I shook my head. “Mom you can’t do this.”

She pointed a pale finger at me. “Now don’t start. You of all people shouldn’t be trying to limit my reality.”

“Mom, wait. What, what about Emily?”

“Oh your sister’ll be fine. She’s an adult now. And she’s in college.”

“She’s only eighteen! And she’s in Minneapolis, all alone.”

“Oh come on now, she’s in a dorm. I’d hardly call that alone. Don’t worry honey, she’ll be fine, she’s a smart girl. Oh stop looking at me like that.”

“I just can’t believe it. You’ve been married for thirty years.”

“Only twenty eight. And I enjoyed most of it, I’ll give you that. Your father was a good husband. But now I’m ready to move on. And I’m so tickled I meet you out here, taking Moose for a walk. Say, you want to see my new place?”

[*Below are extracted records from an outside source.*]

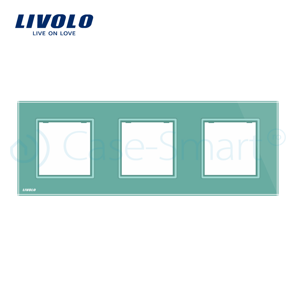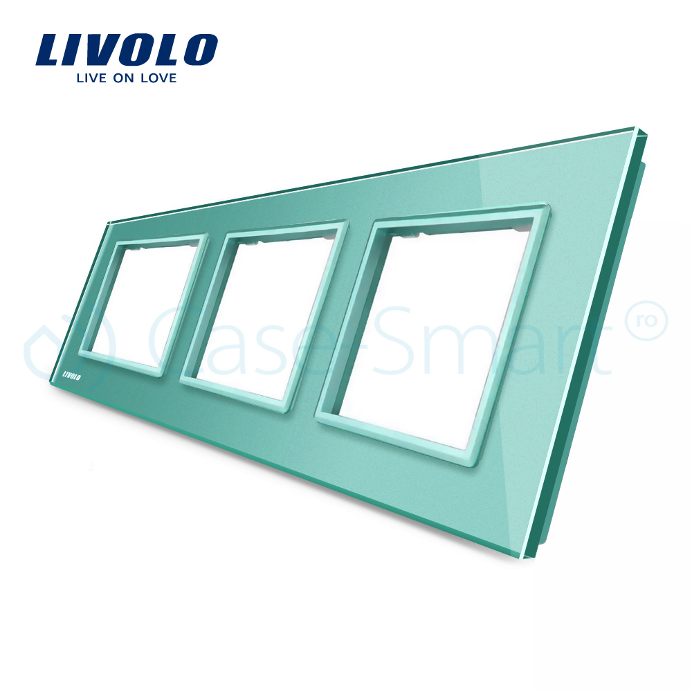 Rama priza tripla Livolo, din sticla – produse premium, calitate dusa la extrem, pot fi montate atat prize simple cat si prize TV, telefon,audio, internet.
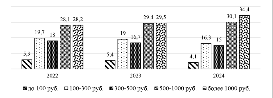Рис. 2. Динамика структуры продаж на фармацевтическом рынке в России по уровню стоимости за упаковку в 2022-2024 гг., %
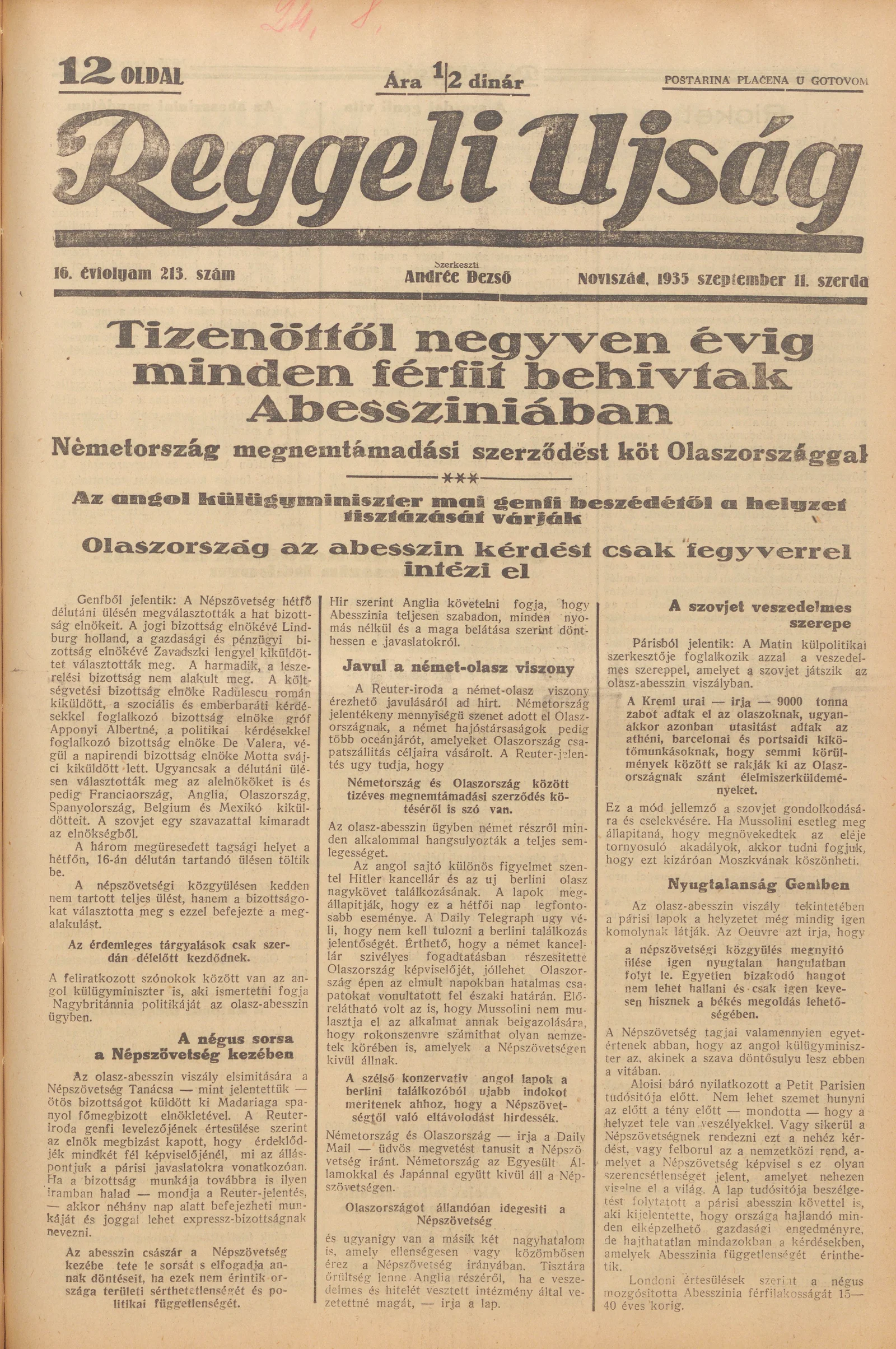 Reggeli Újság, 16. évf. 1935. szeptember 11. 213. sz.
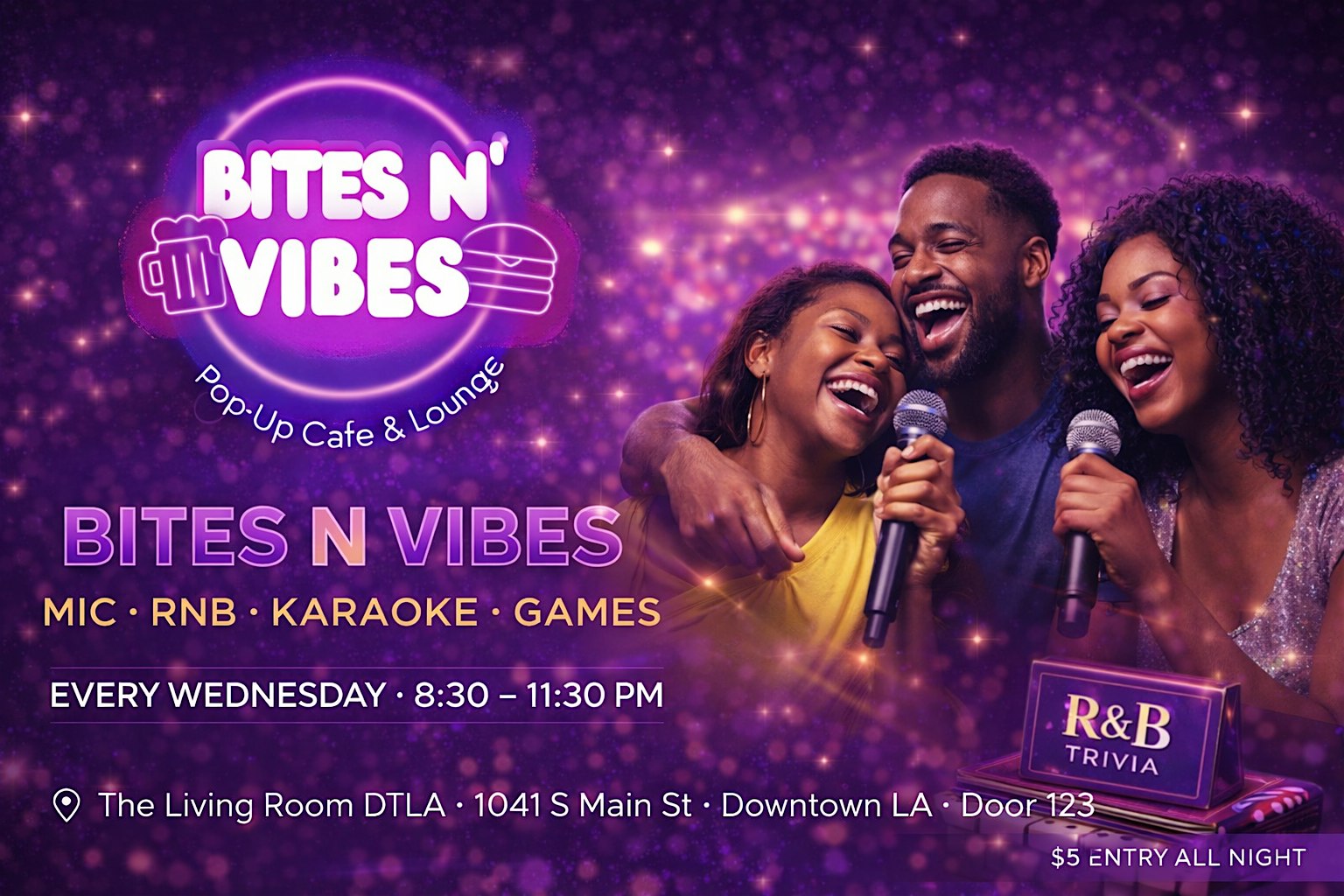 by admin23Feb Bites N Vibes at The Living Room DTLA – Los Angeles, CA Bites N Vibes at The Living Room DTLA – Los Angeles, CA 3 3 people viewed this event. A midweek hang with bites, R&B, karaoke, games, and open mic energy. Tickets-RSVP Link Date And Time Wednesday, March 11th, 2026 08:00 PM (PST) Venue The Living Room DTLA Location 1041 Main Street, Los Angeles, CA 90015 Event Types Food & DrinkParty or Social Gathering Event Category CaliforniaLos Angeles Share With Friends Facebook Twitter Linkedin Xing Pinterest Share This Post:

“You’ve already got a place?”

“Yeah, in Nob Hill. I’m sharing an apartment with two other divorcées, Sharon and Kate. They’re real sweethearts. They’re taking me out dancing tonight. Well what’s the matter? Aren’t you happy to see me? Say, what are you doing here anyway?”

“I was meeting someone.”

“A girl?”

I sighed. “Yes.”

“See? You’re doing it too. Have you read Nietzsche?”

“Yes, mom. So what are you gonna to do then?”

“Oh well I’ve got a job at the city hospital for now, but I’m going to go back to school next fall. I got into CCA, just like you! Maybe we’ll be in some of the same classes. I’m starting with painting and theater . . .” She gestured to cross the street. “Come on, I’ll show ya the apartment.”

I followed her in a daze, my date forgotten.

For the next week my life came to a standstill. Every day I skipped writing classes and cut homework helping her get settled in Nob Hill. Then I saw her less and less as she made friends at the hospital and started going out with her roommates more and more. Three weeks later, after being incommunicado for a week, I was at the Makeout Room, on a Friday, with my friend Paul.

“Bro,” he said, nudging my elbow at the bar. “Check out that red-haired cougar on the dance floor.”

Hating too, but drawn by some force beyond my control, I turned to look. There she was, in a green skirt and heels, salsaing with a tall man with slicked back hair.

“Too old for me,” Paul said. “But she’s certainly got some moves.”

“Bartender,” I screamed. “Double whiskey. Now!”

“Hey man, are you OK?”

“No, I’m not OK, we need to get the fuck out of here. As soon as I drink this.”

“What the fuck’s the matter dude? Do you know that lady?”

“Yes . . . No. She’s my . . . Oh goddamn you, you syphilitic bastard.”

“Who the fuck are you talking to?”

“Look,” I said, spreading my hands out on the bar top. “All I’m gonna say is, fuck, man, Friedrich Nietzsche ruined my life.”

Paul put his hands up. “Who the fuck is Fred Nietzsche?”

“Trust me bro,” I said, head bowed. “You don’t want to know.”